For example, let’s say you’re from Kenya and you’ve noticed how loud matatu music can be during long commutes. You might ask: Is there a correlation between prolonged exposure to high-decibel matatu music and hearing issues among commuters? That question can turn into a real machine learning project — collecting survey data, measuring exposure time, analysing patterns, and testing whether there is correlation (and carefully exploring whether causation might be possible to infer).

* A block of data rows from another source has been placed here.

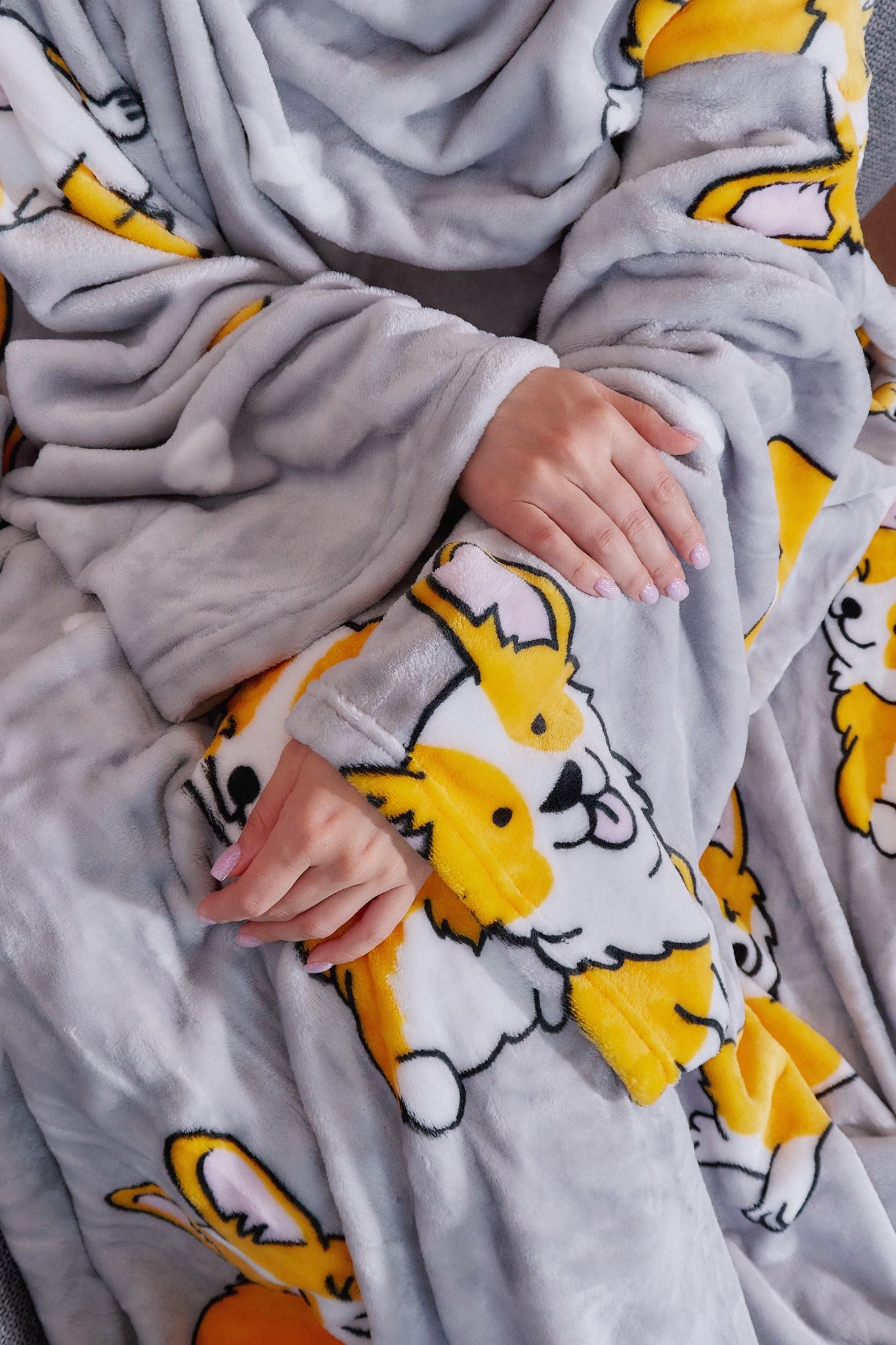 Плед с рукавами "Хочу корги" из микрофибры (велсофта)
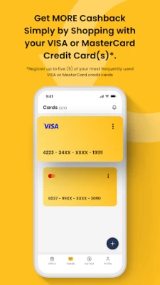 * Automatic cashback savings on up to five (5) VISA® or MasterCard® credit cards on one account
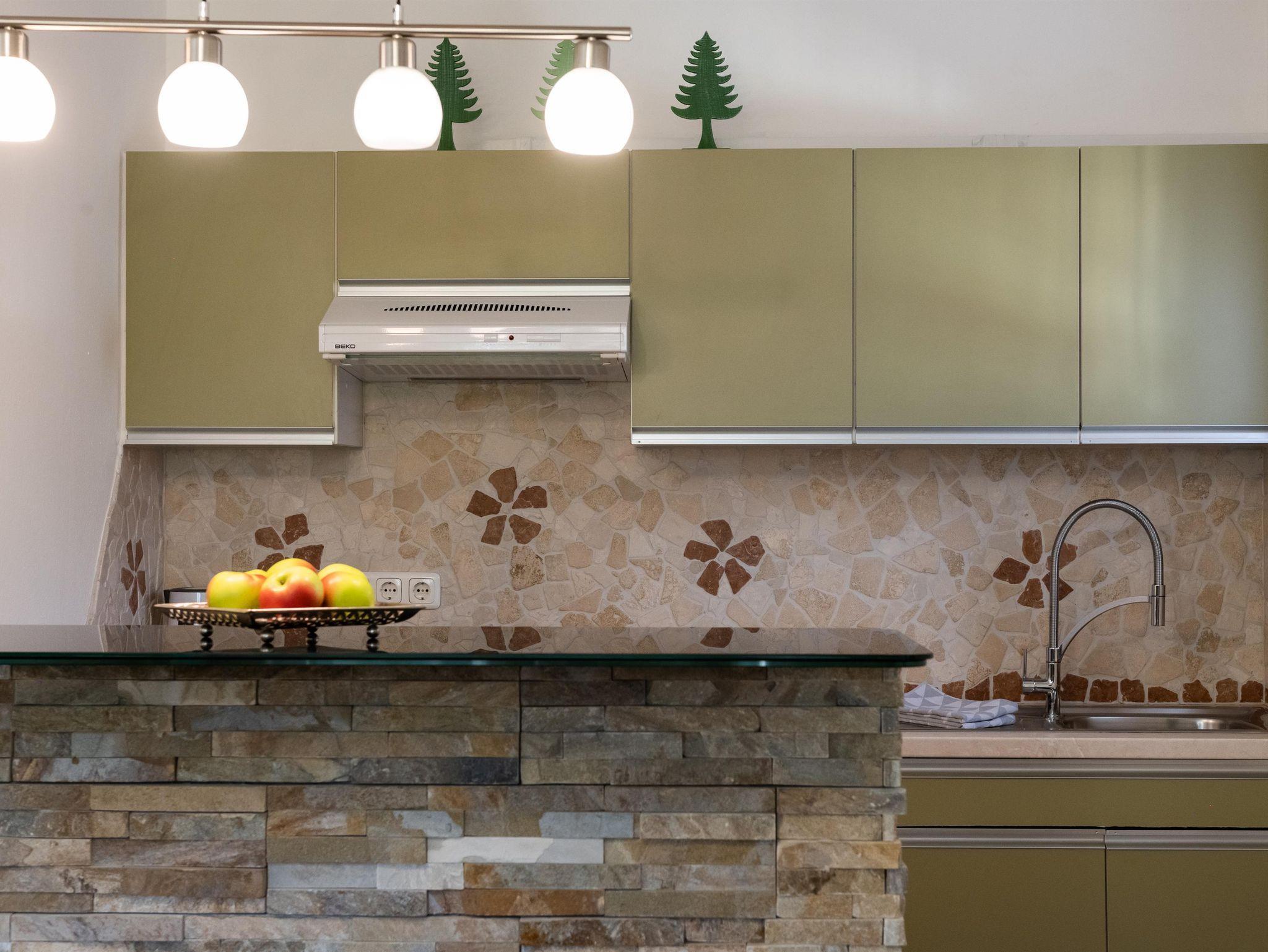Die Wohnung verfügt über zwei Zimmer mit Doppelbett einer sehr gut ausgestatteten Küche und einem Badezimmer mit Dusche und WC. Zwei Fernseher mit Kabel-TV sind ebenfalls vorhanden.

This is exactly the spirit of the Kujenga course: Start with what you see. Ask a meaningful question. Use data to investigate it. Your project does not have to be perfect. It just has to be relevant and thoughtful.

Where to Find Data

The internet is full of free, accessible datasets, but don’t limit yourself to global sources only. Some of the most impactful projects come from local African datasets. You can explore:

Government open data portals (for example, national statistics offices, health ministries, meteorological departments).
African research institutions and NGOs.
County-level public records.
International datasets with African coverage (World Bank, UN data, etc.).
Community-collected surveys and field data.

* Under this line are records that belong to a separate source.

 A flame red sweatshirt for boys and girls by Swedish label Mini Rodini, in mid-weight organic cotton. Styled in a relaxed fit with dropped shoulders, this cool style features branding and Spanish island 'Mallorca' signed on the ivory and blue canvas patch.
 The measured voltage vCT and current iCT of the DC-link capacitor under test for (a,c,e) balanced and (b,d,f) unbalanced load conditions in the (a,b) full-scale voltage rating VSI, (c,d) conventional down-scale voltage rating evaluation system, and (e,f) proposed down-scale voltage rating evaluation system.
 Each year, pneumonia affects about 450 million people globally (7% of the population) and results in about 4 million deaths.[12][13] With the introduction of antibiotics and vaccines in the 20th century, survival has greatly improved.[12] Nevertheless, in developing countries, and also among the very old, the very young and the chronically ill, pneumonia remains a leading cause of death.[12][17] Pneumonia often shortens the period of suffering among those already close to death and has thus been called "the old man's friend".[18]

And remember: you are not restricted to pre-existing datasets. You can collect your own data through surveys, simple measurements, interviews, or partnerships with local organisations. If you ever feel stuck, these repositories below can be your starting point. The goal is to find data that helps you answer a question you genuinely care about.

General Data Repositories

Kaggle Datasets - Thousands of clean, ready-to-use datasets
Google Dataset Search - Like Google but for data
Our World in Data - Beautiful, clean data on global issues
Data.gov - US government open data
UCI Machine Learning Repository - Classic datasets

Cleaning Your Data

Real-world data is messy. Here’s how to clean it:

from markdown import Markdown
import pandas as pd

Step 1: Load and Inspect

First, load your data and take a look at what you’re working with. This helps you understand the structure and identify potential issues.

# Load your data

#data = pd.read_csv('your_data.csv')

# Take a look
#print(data.head())
#print(data.info())
#print(data.describe())

Step 2: Handle Missing Values

Missing data is common. You can either remove rows with missing values or fill them with appropriate values like the mean or median.

# See where data is missing
#print(data.isnull().sum())

# Option 1: Drop rows with missing values
#data_clean = data.dropna()

# Option 2: Fill missing values with mean/median
#data['column_name'].fillna(data['column_name'].mean(), inplace=True)

Step 3: Remove Duplicates

Duplicate rows can skew your analysis. Check for and remove them.

# Check for duplicates
#print(data.duplicated().sum())

# Remove them

#data_clean = data.drop_duplicates()

Step 4: Fix Data Types

Make sure each column has the correct data type. Dates should be datetime objects, numbers should be numeric types, etc.

# Convert to the right type

#data['date_column'] = pd.to_datetime(data['date_column'])
#data['numeric_column'] = pd.to_numeric(data['numeric_column'])

Step 5: Filter Outliers (if needed)

Extreme values can distort your results. Use the interquartile range (IQR) method to identify and remove outliers.

# Remove extreme values

#Q1 = data['column'].quantile(0.25)
#Q3 = data['column'].quantile(0.75)
#IQR = Q3 - Q1

#data_clean = data[(data['column'] >= Q1 - 1.5*IQR) &
#                  (data['column'] <= Q3 + 1.5*IQR)]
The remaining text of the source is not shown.